**** Exercise data
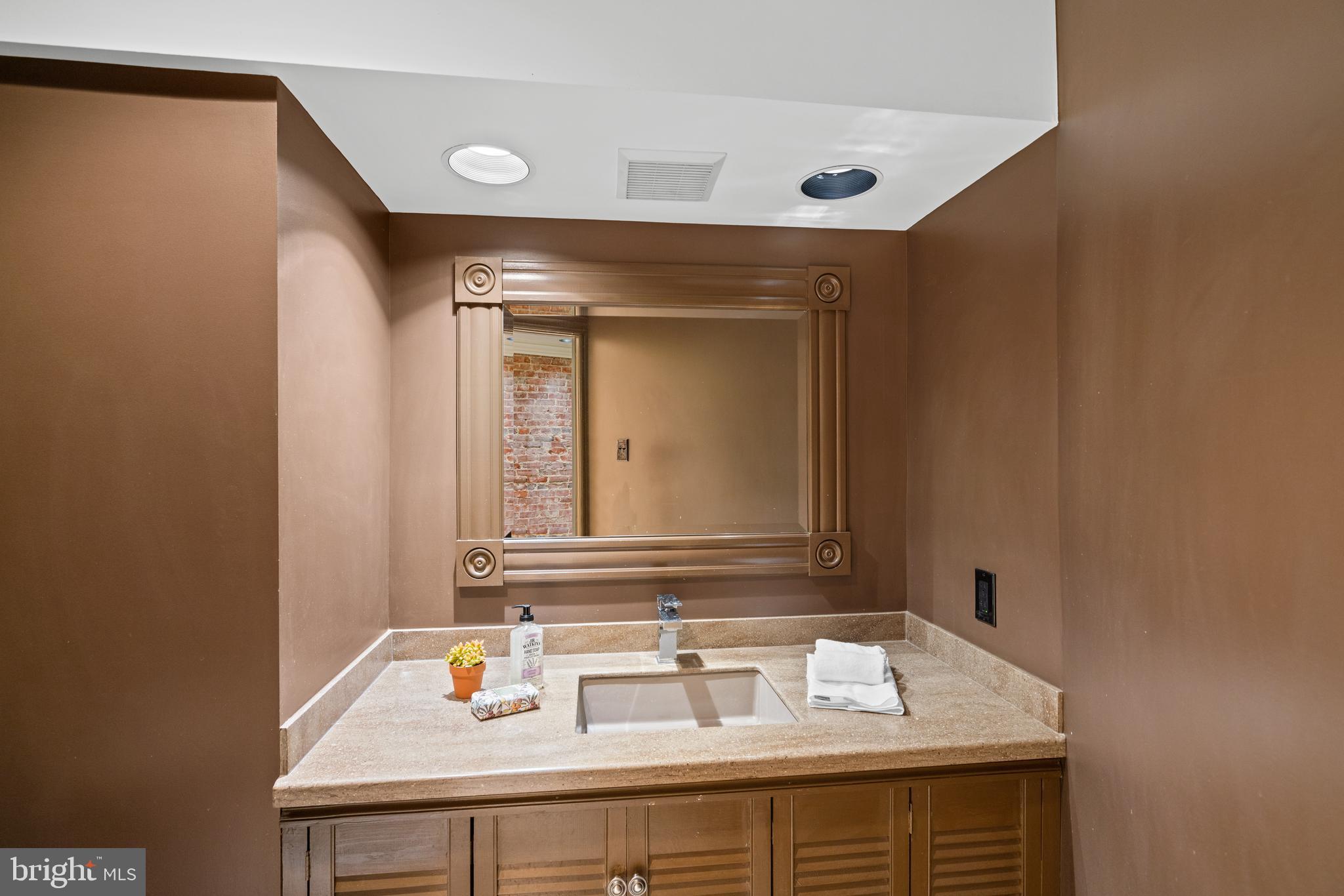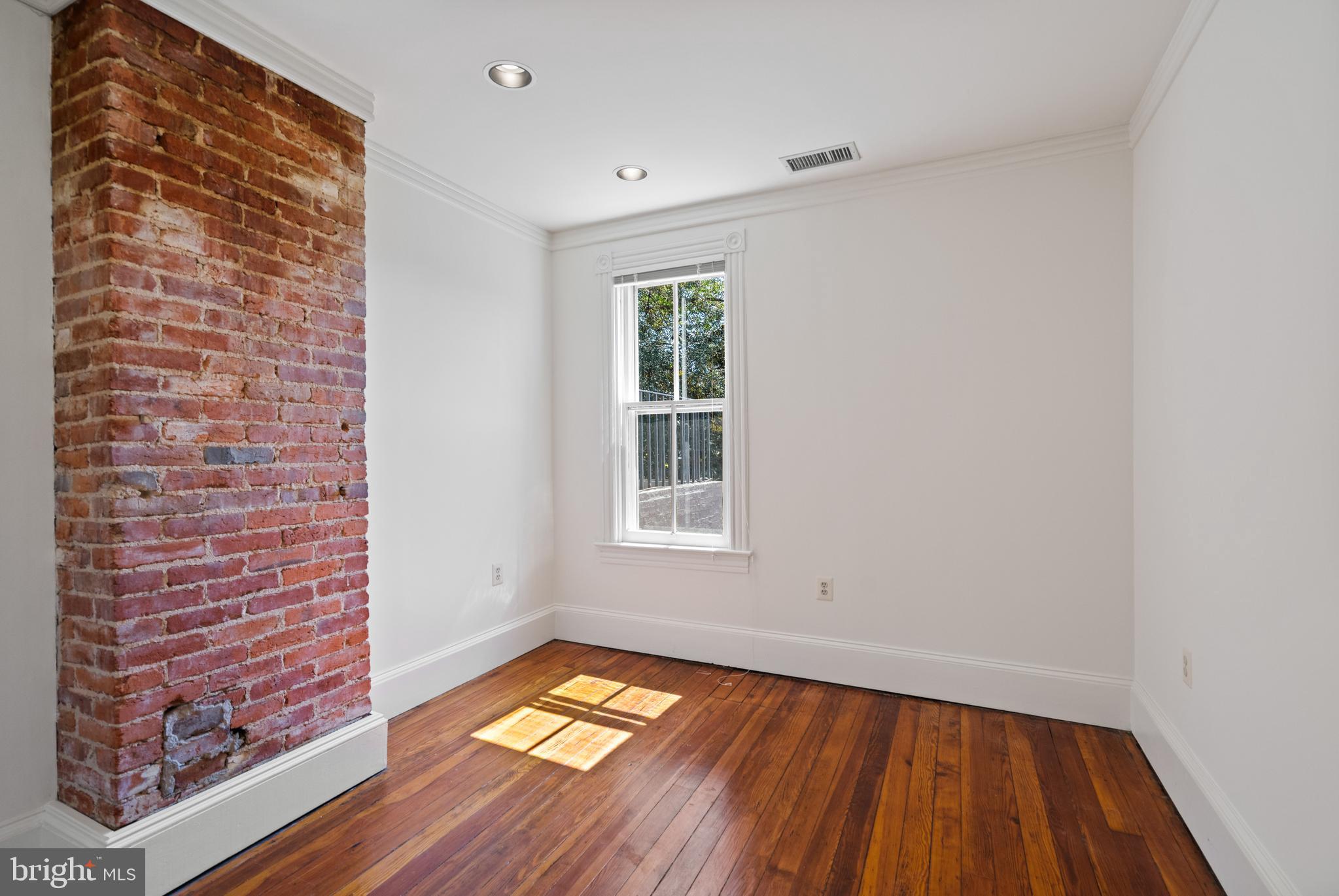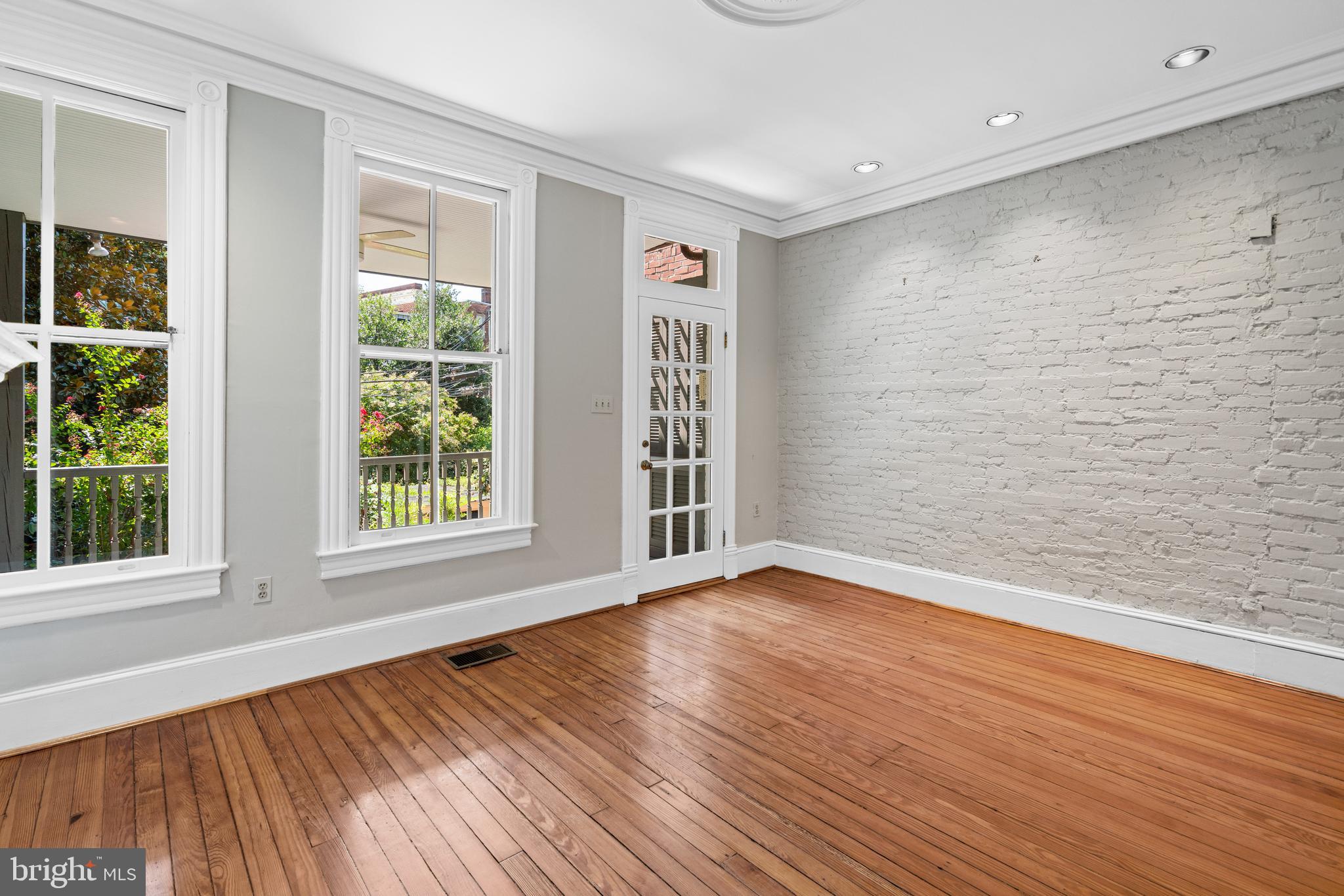 The lower level offers exceptional flexibility, featuring exposed brick walls, custom built-in workspaces, recessed lighting, a powder room, and dual entrances: one from the front of the home and another leading to the rear garden. This space is ideally suited for use as a home office, guest quarters, or creative studio. The walk-out garden level opens to a serene and landscaped outdoor space, ideal for quiet enjoyment or al fresco dining.
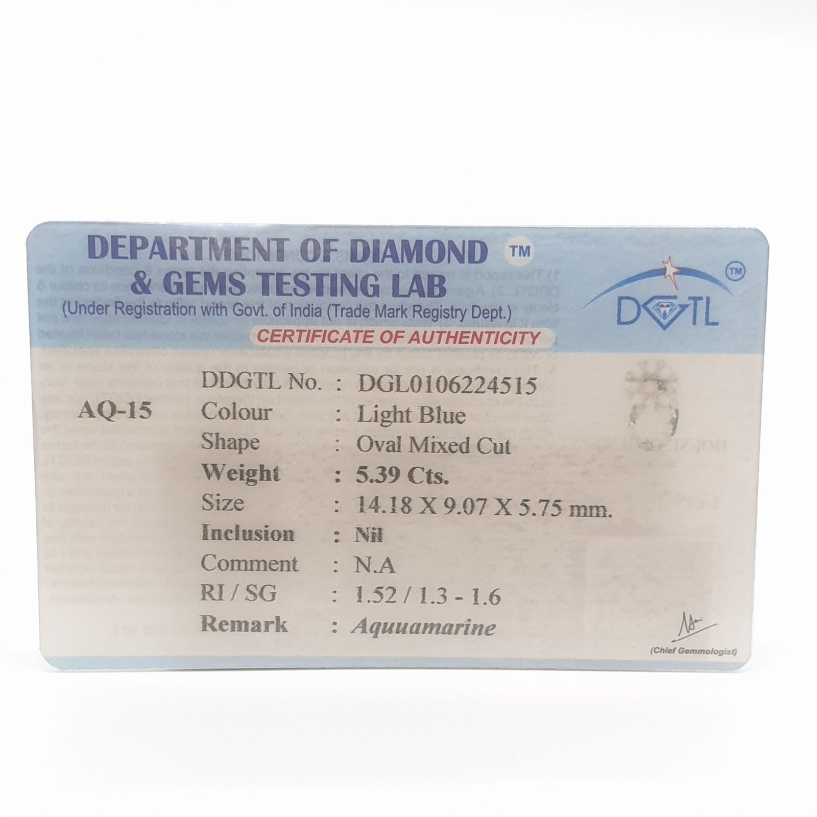 Natural Aquamarine, certified by DDGTL. Contact us for further Certification by GIA / GII / IGI and Others.
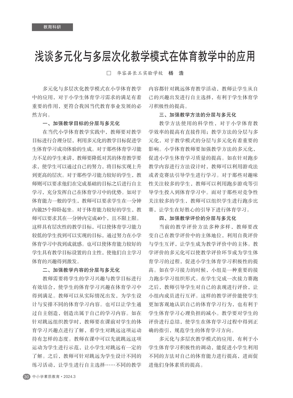 【2024年第3期】浅谈多元化与多层次化教学模式在体育教学中的应用
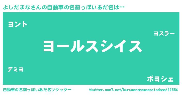 | 意味不明あだ名 | 『めかぶ科よしだまな属』 |
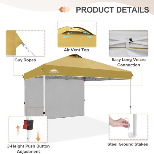 - REMOVABLE SIDEWALL: This outdoor canopy includes one detachable sidewall that secures to the frame with durable, extended Velcro straps. The 150D silver coated oxford canopy top is water resistant, offers UV protection, and meets CPAI-84 fire resistance standards. Enjoy reliable sun shelter and weather protection with heavy duty fabric designed for comfort and safety.
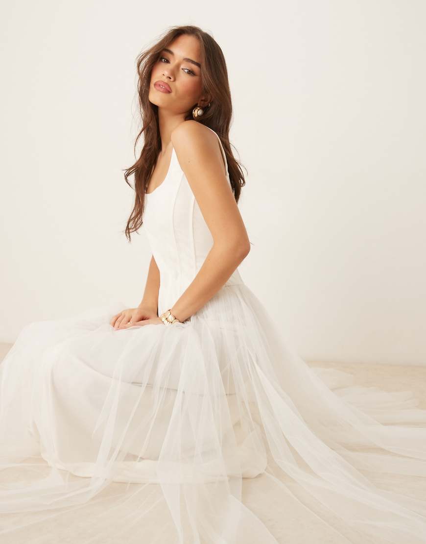 Lace & Beads corset tulle drop hem maxi dress in ivory-White
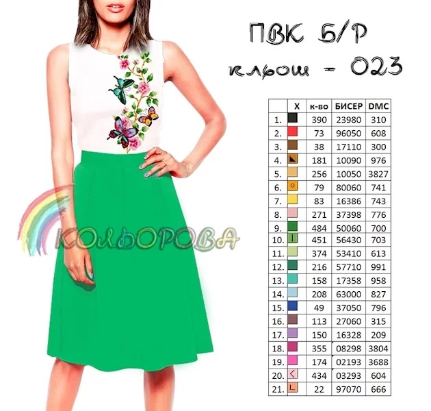 - титулка-ключ з рекомендованими кольорами бісеру Preciosa або муліне DMC та їх кількістю.
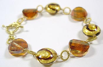and Ginger Bracelet; handmade gold-foiled Venetian glass 'lentil'
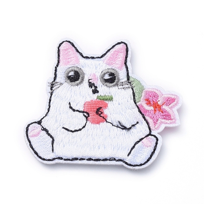 Нашивка на Одежду, Вышитая нашивка, Термонаклейка, Аппликация, Кот с Яблоком, Размер: 43x50x2мм, (УТ100023482) - ᐈ заказывайте в Москве оптом и в розницу ✅Скидки ✅Акции ✅Распродажи ᐈ доставка по всей России ᐈ Интернет-магазин Мир Бусин
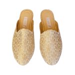 These babouches are a stunning fusion of craftsmanship and artistic expression. Crafted from brocade fabric. The delicate gold shimmer against the rich fabric, highlighting the meticulous handiwork of skilled artisans. Lined with light tan material for comfort, these babouches are more than footwear—they are a celebration of heritage and creativity, effortlessly blending tradition with contemporary artistry.
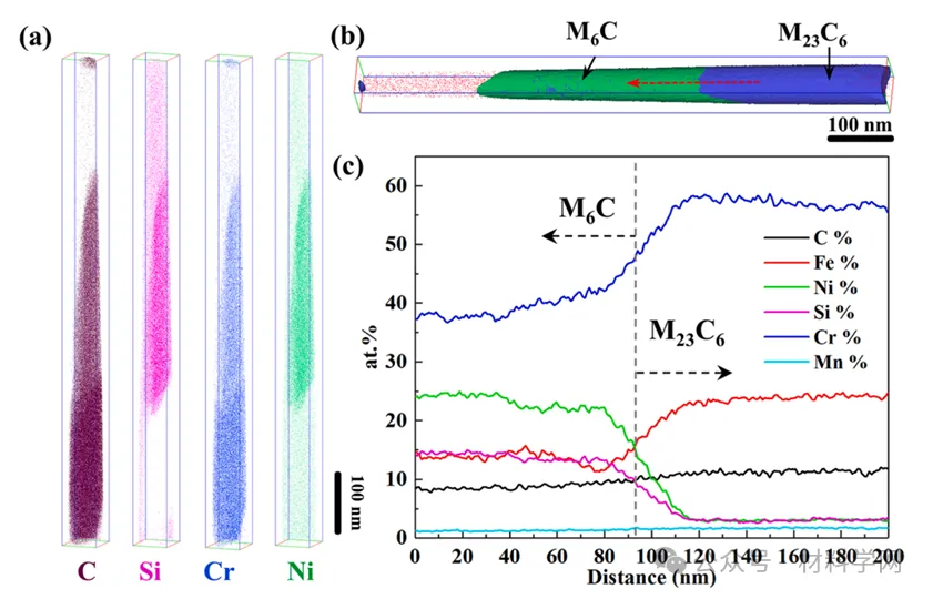 图12时效500 h后Si改性钢的M6C/M23C6界面的APT分析。
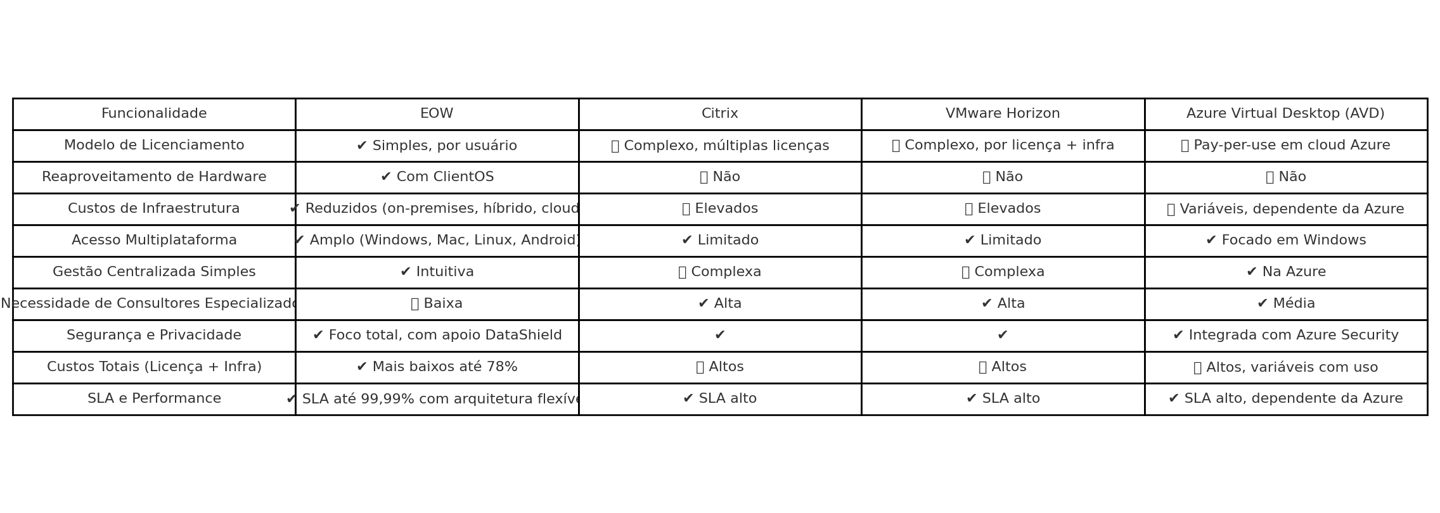 Implantação e operação facilitadas, sem a complexidade dos concorrentes como Citrix ou VMware Horizon.Modelo de Licenciamento Justo:
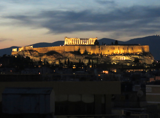 Mit dem SLK auf SüdOstEuropa-Tour Blick von unserem Balkon in der 7. Etage auf die Acropolis
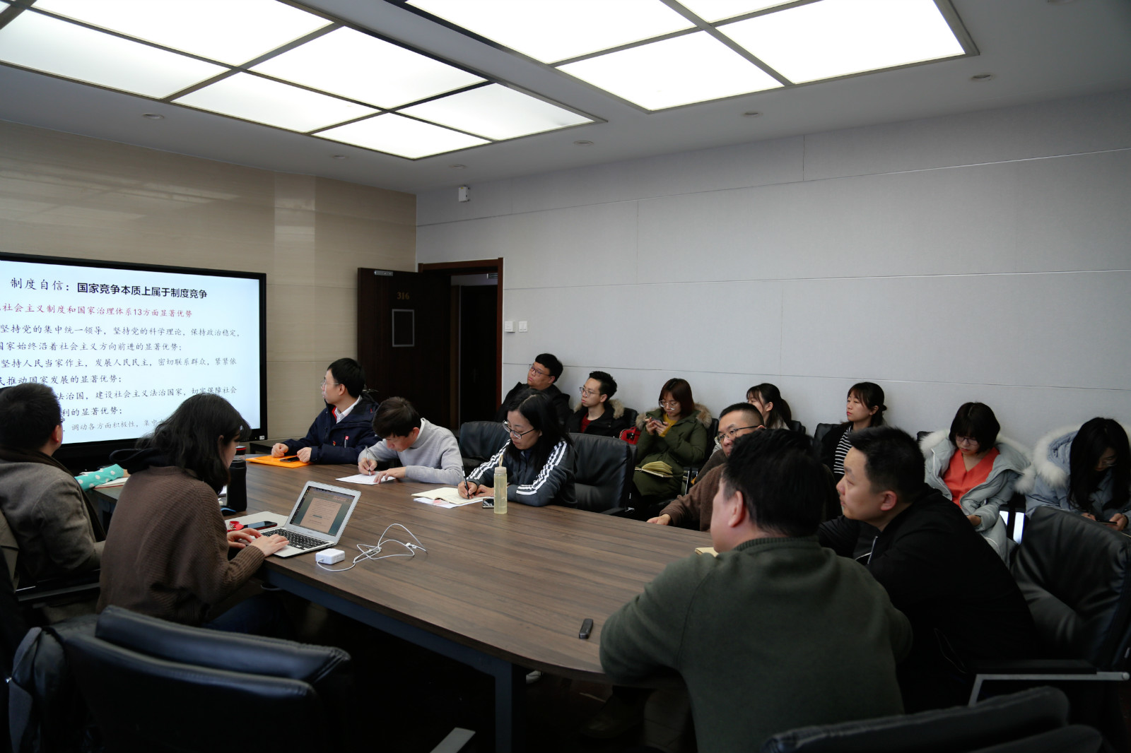 12月10日中午,为一步深刻领会党十九届四中全会精神,更加精准有效地指导学院各项工作,努努影视 党委(以下简称“努努影视 ”)在办公楼316会议室再次召开以“学习贯彻党的十九届四中全会精神——推进国家治理体系和治理能力现代化”为主题的理论中心组扩大学习会。会议由学院党委书记何立新主持并主讲,努努影视 全体班子成员、党委委员、师生党支部书记共同参加。
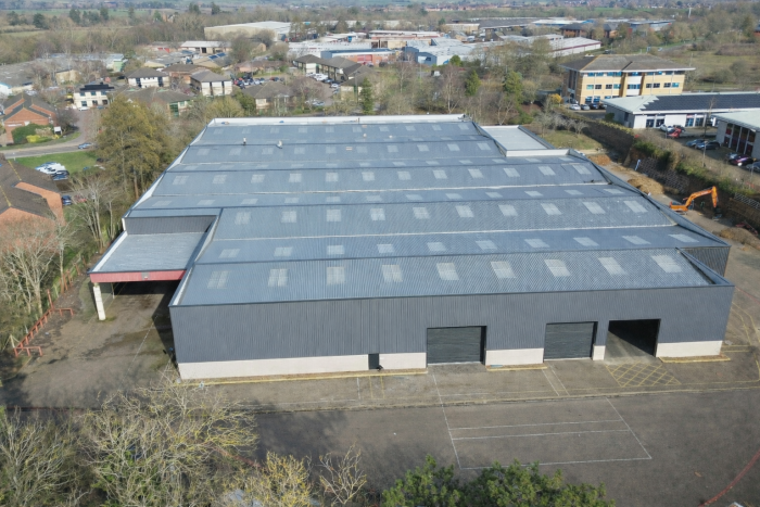 Single storey detached steel portal frame warehouse, with additional internal and external offices.
********
__About this task__.
The answer is the full set of records printed exactly, less the pictures.

__Task answer__.
 The lower level offers exceptional flexibility, featuring exposed brick walls, custom built-in workspaces, recessed lighting, a powder room, and dual entrances: one from the front of the home and another leading to the rear garden. This space is ideally suited for use as a home office, guest quarters, or creative studio. The walk-out garden level opens to a serene and landscaped outdoor space, ideal for quiet enjoyment or al fresco dining.
 Natural Aquamarine, certified by DDGTL. Contact us for further Certification by GIA / GII / IGI and Others.
 【2024年第3期】浅谈多元化与多层次化教学模式在体育教学中的应用
 | 意味不明あだ名 | 『めかぶ科よしだまな属』 |
 - REMOVABLE SIDEWALL: This outdoor canopy includes one detachable sidewall that secures to the frame with durable, extended Velcro straps. The 150D silver coated oxford canopy top is water resistant, offers UV protection, and meets CPAI-84 fire resistance standards. Enjoy reliable sun shelter and weather protection with heavy duty fabric designed for comfort and safety.
 Lace & Beads corset tulle drop hem maxi dress in ivory-White
 - титулка-ключ з рекомендованими кольорами бісеру Preciosa або муліне DMC та їх кількістю.
and Ginger Bracelet; handmade gold-foiled Venetian glass 'lentil'
 Нашивка на Одежду, Вышитая нашивка, Термонаклейка, Аппликация, Кот с Яблоком, Размер: 43x50x2мм, (УТ100023482) - ᐈ заказывайте в Москве оптом и в розницу ✅Скидки ✅Акции ✅Распродажи ᐈ доставка по всей России ᐈ Интернет-магазин Мир Бусин
 These babouches are a stunning fusion of craftsmanship and artistic expression. Crafted from brocade fabric. The delicate gold shimmer against the rich fabric, highlighting the meticulous handiwork of skilled artisans. Lined with light tan material for comfort, these babouches are more than footwear—they are a celebration of heritage and creativity, effortlessly blending tradition with contemporary artistry.
 图12时效500 h后Si改性钢的M6C/M23C6界面的APT分析。
 Implantação e operação facilitadas, sem a complexidade dos concorrentes como Citrix ou VMware Horizon.Modelo de Licenciamento Justo:
 Mit dem SLK auf SüdOstEuropa-Tour Blick von unserem Balkon in der 7. Etage auf die Acropolis
 12月10日中午,为一步深刻领会党十九届四中全会精神,更加精准有效地指导学院各项工作,努努影视 党委(以下简称“努努影视 ”)在办公楼316会议室再次召开以“学习贯彻党的十九届四中全会精神——推进国家治理体系和治理能力现代化”为主题的理论中心组扩大学习会。会议由学院党委书记何立新主持并主讲,努努影视 全体班子成员、党委委员、师生党支部书记共同参加。
 Single storey detached steel portal frame warehouse, with additional internal and external offices.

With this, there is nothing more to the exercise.